Using the list as the argument of the pure function

Question

I know some function is listable, such that

Sin@{1,2,3,4,5}

gives

{Sin[1], Sin[2], Sin[3], Sin[4], Sin[5]}

By reading some fundamental tutorials, I know the Listable is an efficient way to speed up the calculation so I want all my functions are Listable when applied to the list. Now I want to define this function: $f(x,y,z)=x+y^z$ and use it to calculate a list,for example $1+2^3$ and $4+5^6$.

f = #[[1]] + #[[2]]^#[[3]] &
SetAttributes[f, Listable]
f@{{1, 2, 3}, {4, 5, 6}}

I don't get the result. How can I write a pure function listable using the list as the argument?

Answer 1

I don't think making functions Listable is a good way to speed up computations, and in fact it can cause a slow down as discussed in this answer by @LeonidShifrin to the question Two ways to map a function on a list: Which one is faster?. Let's take your example.

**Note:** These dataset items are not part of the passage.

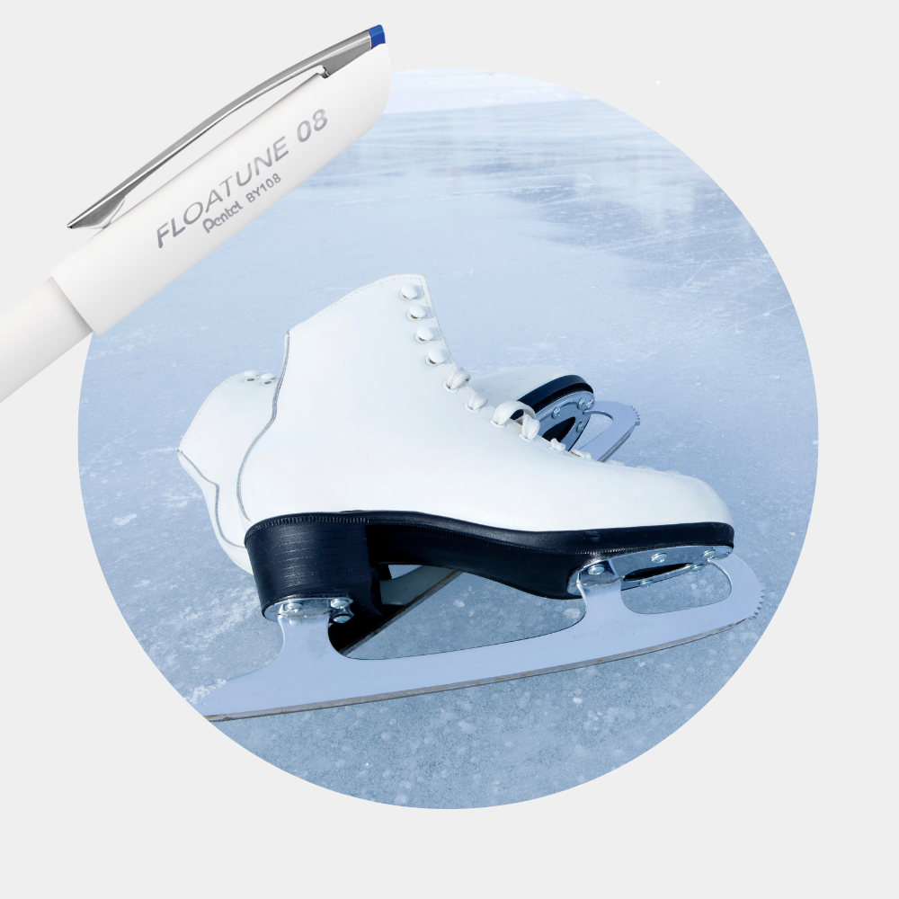 Formato único da tampa da caneta que lembra uma lâmina de patins.
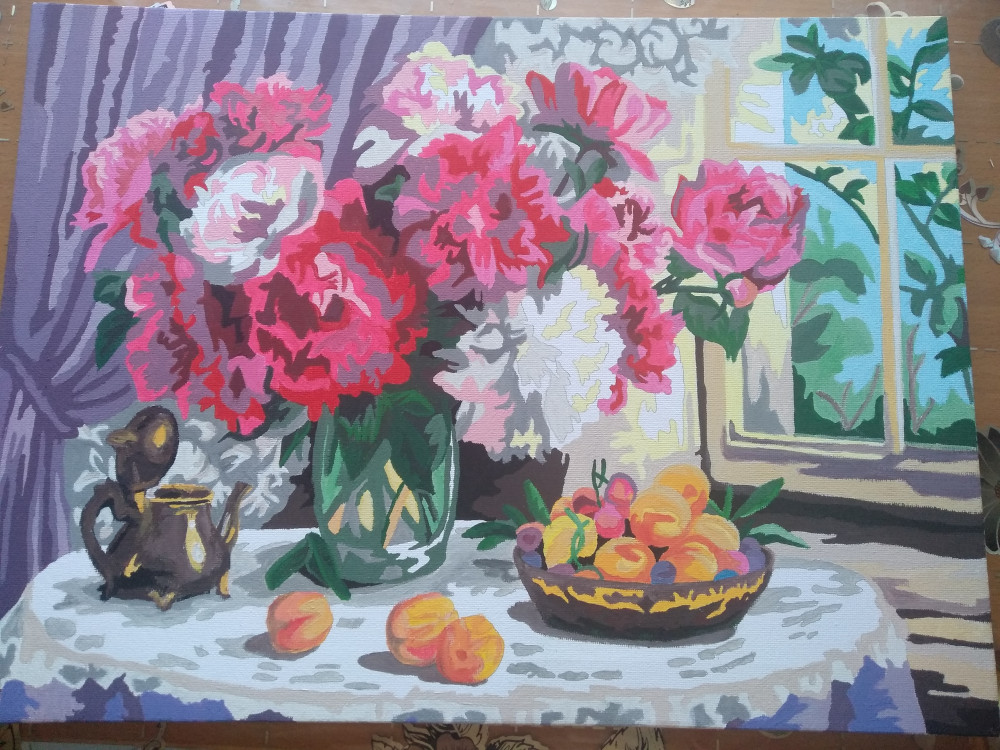 Закончила сегодня, фото итоговое прикрепляю. Картинка очень понравилась! Особенно тем,что нет номеров , соответственно цифры не могут просвечивать. Краски все свежие , когда густели,капала каплю воды. У неоноворозовой ооооочееень плохая пигментация, наносится разводами. Хотелось бы, конечно, узнать,у кого из производителей нет такого, то есть краски с одного слоя , ну,или хотя бы с двух перекрывают. А так....довольна! Картинка или для взрослых или усидчивых детей постарше.
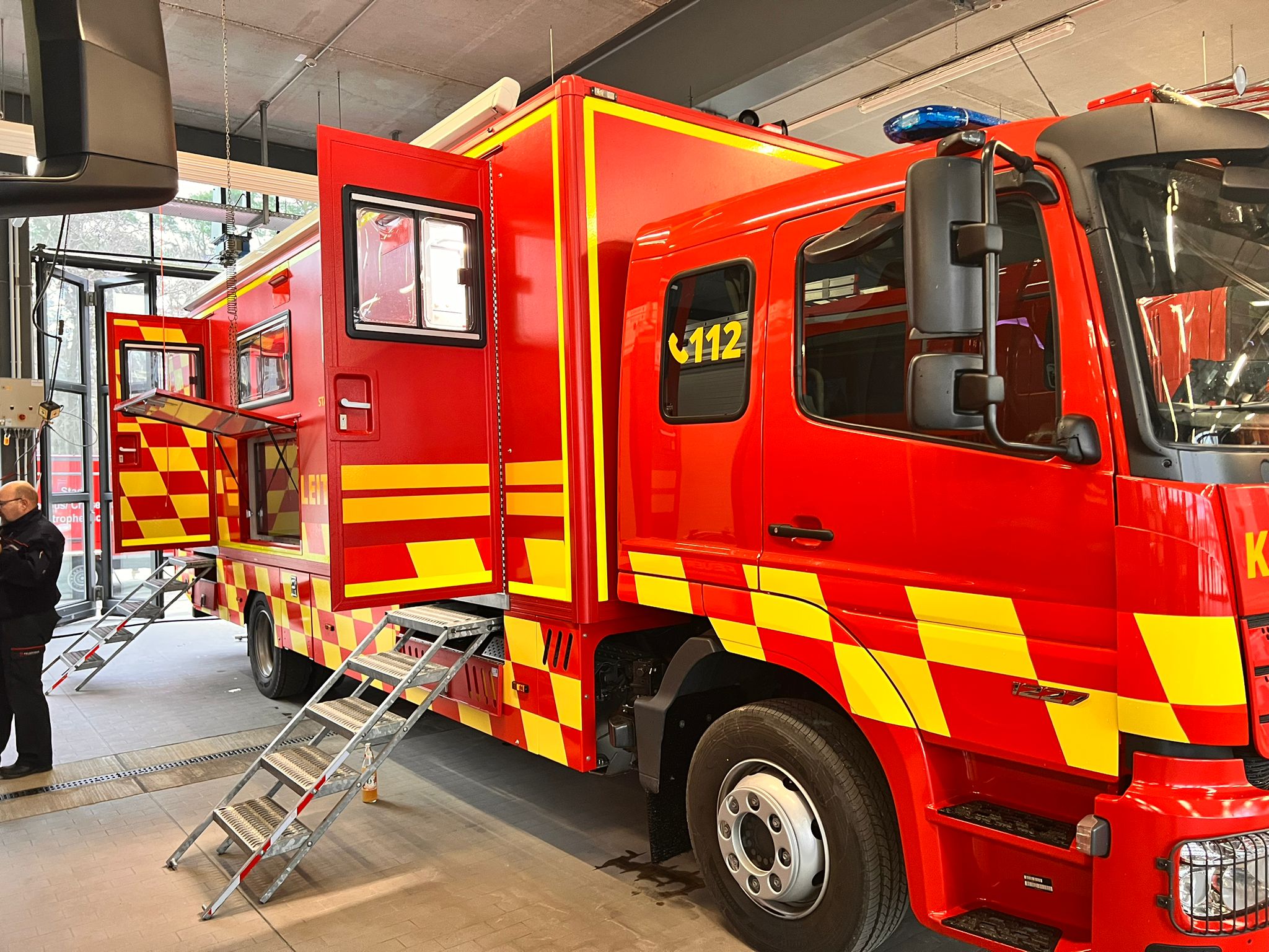 Neu ist zudem ein großer Außenmonitor, der es ermöglicht, Lagevorträge außerhalb des Fahrzeugs durchzuführen und ein einheitliches Lagebild für alle Beteiligten darzustellen. Beispielsweise können Live-Bilder einer Drohne der angegliederten SEG Flight übertragen werden, um bei Wald- oder Flächenbränden die Ausbreitung zu analysieren und taktische Maßnahmen abzustimmen.
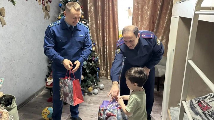 Работники прокуратуры Темрюкского района совместно с сотрудниками отдела Следственного комитета поздравили семьи участников специальной военной операции с наступающим Новым годом.
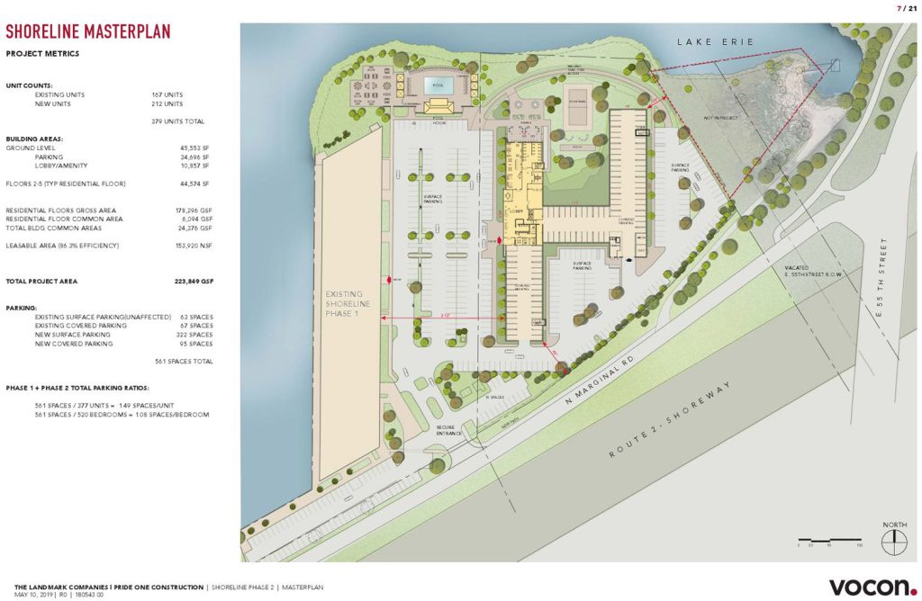 In 2019, Landmark Companies’ proposed new apartment building was to be built all in one phase, the same as The Annex Group is seeking to do now. But since there could be a different property owner, the sharing of parking between the new Union At Cleveland Harbor and the existing Shoreline Apartments, at left, probably wouldn’t happen (Vocon).
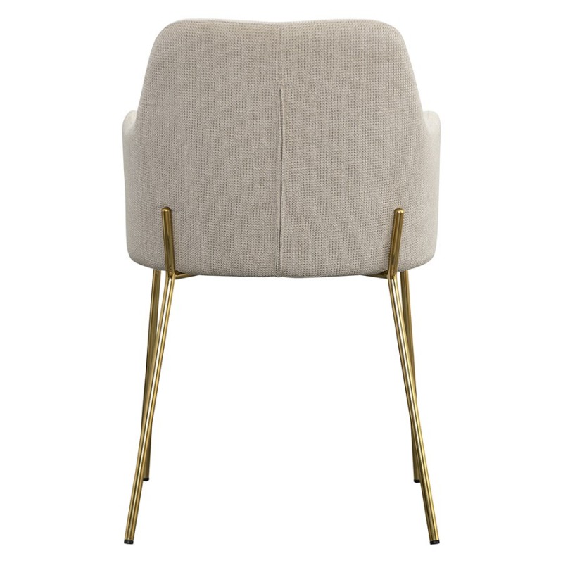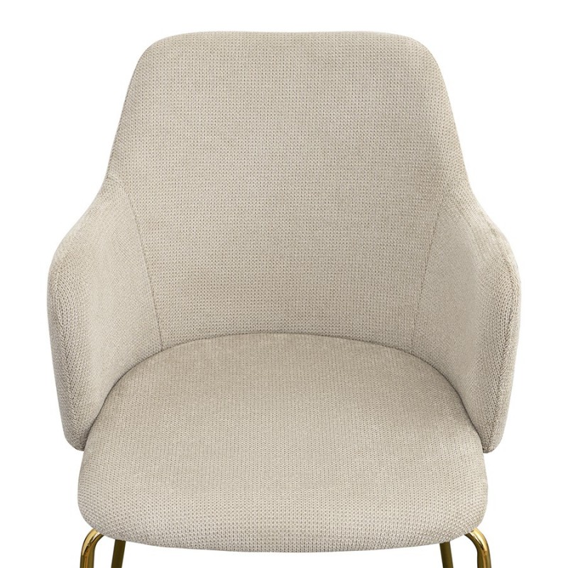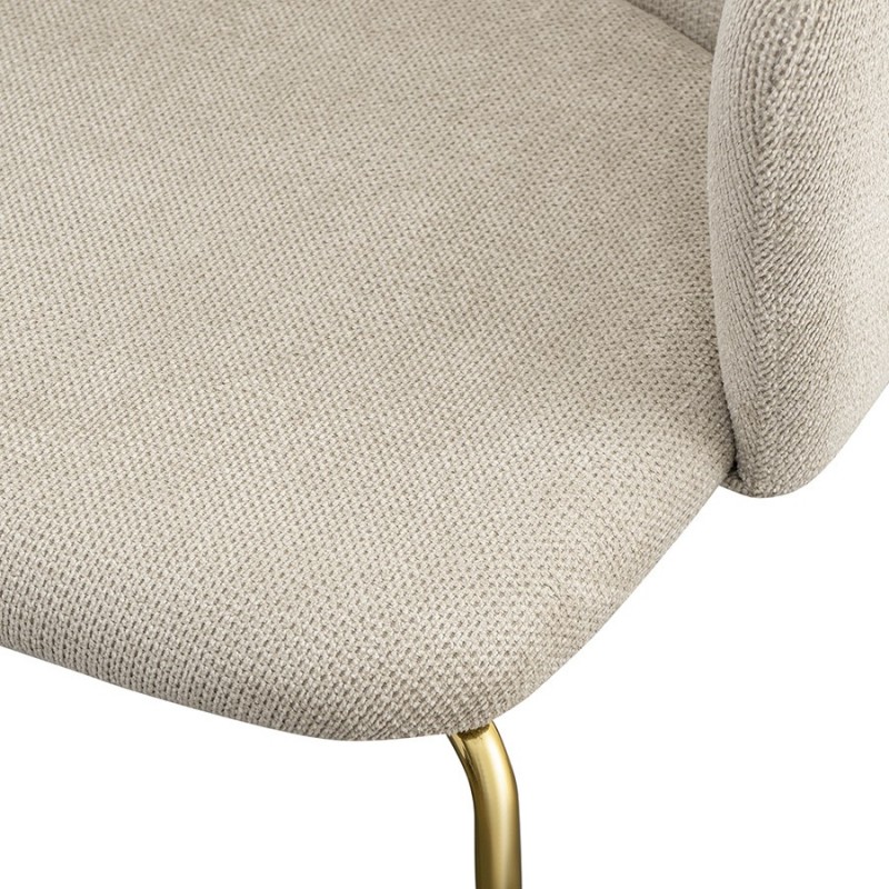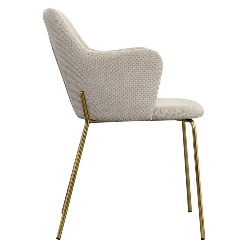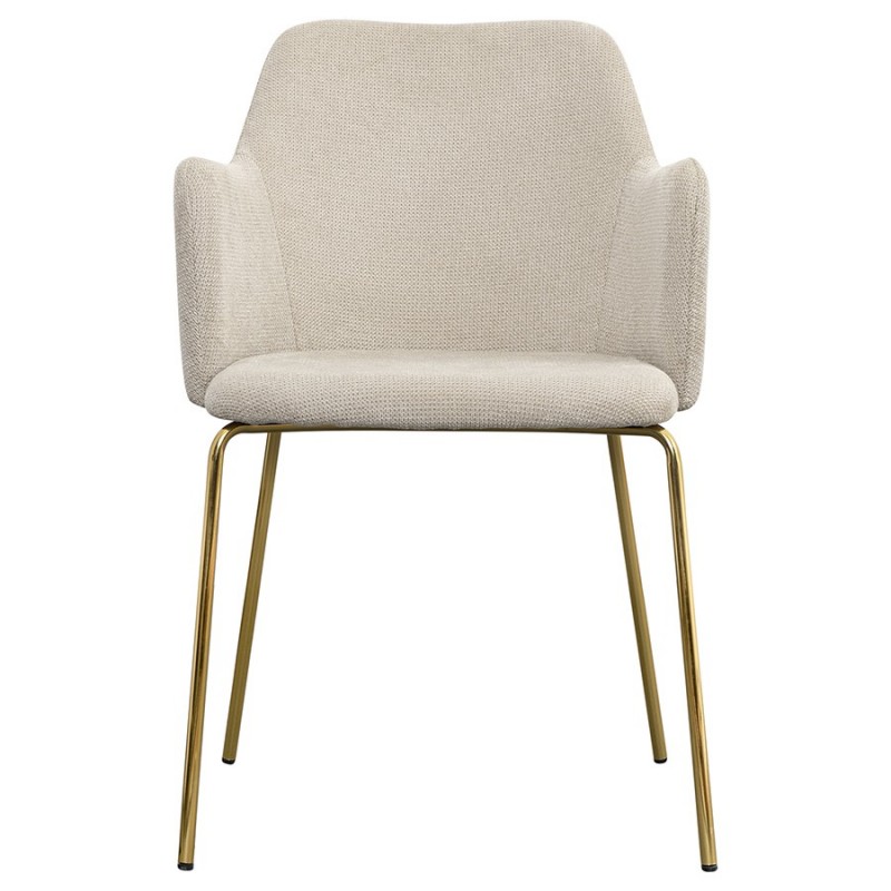 Стул Dwight приятного светло-бежевого оттенка великолепно дополнит обеденную зону на кухне или в столовой, украсит пространство гостиной, спальни и рабочего кабинета. За счет минималистичного дизайна модель актуальна для большинства интерьерных стилей.Конструкция надежна, прочна и долговечна. Комфорт при сидении достигается за счет глубокой посадки и широкой спинки, плавно переходящей в подлокотники. Ножки из стали расположены под определенным углом для хорошей устойчивости. Обивка из шенилла с ярко выраженной фактурой обеспечивает мебели привлекательный вид. Материал мягкий, приятный на ощупь и обладает отличными износостойкими характеристиками – не скатывается, не протирается и несложный в уходе.Материалы: полиэстер, нейлон, фанера, сталь, поролон. Высота сиденья: 45 см. Ширина сиденья: 47 см. Глубина сиденья: 44,5 см. Высота спинки: 40 см. Ширина спинки: 44 см. Высота подлокотников: 21,5 см. Максимальная нагрузка: 120 кг. Цвет: светло-бежевый.Истираемость ткани по шкале Мартиндейла: 40000. Цветоустойчивость: 4 единиц. Плотность ткани: 370 GSM.Рекомендуется регулярно пылесосить мебель с помощью специальной насадки или проводить сухую чистку мягкой щеткой. Образовавшиеся пятна можно удалять губкой или салфеткой с мыльным раствором воды. Запрещается использовать абразивные материалы и агрессивную бытовую химию.

Here is how you can make f Listable:

SetAttributes[f, Listable];
f[x_, y_, z_] := x + y^z

For your example input:

f[{1, 4}, {2, 5}, {3, 6}]

{9, 15629}

This example is simple enough that a Trace might be helpful in understanding the process:

Trace[f[{1, 4}, {2, 5}, {3, 6}]]

{f[{1,4},{2,5},{3,6}],{f[1,2,3],f[4,5,6]},{f[1,2,3],1+2^3,{2^3,8},1+8,9},{f[4,5,6],4+5^6,{5^6,15625},4+15625,15629},{9,15629}}

The Listable attribute causes f[{1, 4}, {2, 5}, {3, 6}] to evaluate to {f[1, 2, 3], f[4, 5, 6]}. But, this evaluation is done in top-level code, so it is slow. Also, none of the arithmetic operations are vectorized (I will explain this later). Now, let's compare this with the same function with Listable set to false:

ClearAttributes[g, Listable]
g[x_, y_, z_] := x + y^z

Here is a timing comparison between f and g:

{arg1, arg2, arg3} = RandomReal[10, {3, 10^6}];

r1 = f[arg1, arg2, arg3]; //AbsoluteTiming
r2 = g[arg1, arg2, arg3]; //AbsoluteTiming

r1 === r2

{1.24893, Null}

{0.00895, Null}

True

We see that g is more than 2 orders of magnitude faster. This is because g only has one top level evaluation before doing the vectorized Plus and Power evaluations (by vectorized I mean their listability is built-in to the kernel when dealing with packed arrays). Again, a Trace might be helpful here:

Trace @ g[
    Developer`ToPackedArray@{1, 4},
    Developer`ToPackedArray@{2, 5},
    Developer`ToPackedArray@{3, 6}
]

{{Developer`ToPackedArray[{1,4}],{1,4}},{Developer`ToPackedArray[{2,5}],{2,5}},{Developer`ToPackedArray[{3,6}],{3,6}},g[{1,4},{2,5},{3,6}],{1,4}+{2,5}^{3,6},{{2,5}^{3,6},{8,15625}},{1,4}+{8,15625},{9,15629}}

The arguments to g need to be packed in order for the Plus/Power evaluations to be vectorized (fast). Notice how {2, 5}^{3,6} evaluates directly to {8, 15625}. That is, there is no intermediate step of {2, 5}^{3, 6} evaluating to {2^3, 5^6} and then evaluating 2^3. and5^6`. This is why vectorized arithmetic is so much faster than non-vectorized arithmetic. If we didn't use packed arrays:

Trace @ g[
    {1, 4},
    {2, 5},
    {3, 6}
]

{g[{1,4},{2,5},{3,6}],{1,4}+{2,5}^{3,6},{{2,5}^{3,6},{2^3,5^6},{2^3,8},{5^6,15625},{8,15625}},{1,4}+{8,15625},{1+8,4+15625},{1+8,9},{4+15625,15629},{9,15629}}

Notice how this time there are many extra arithmetic operations when compared to the vectorized (packed) version above. The moral of the story is that giving a function the Listable attribute can be useful for simplifying code, but it is rarely beneficial for improving speed.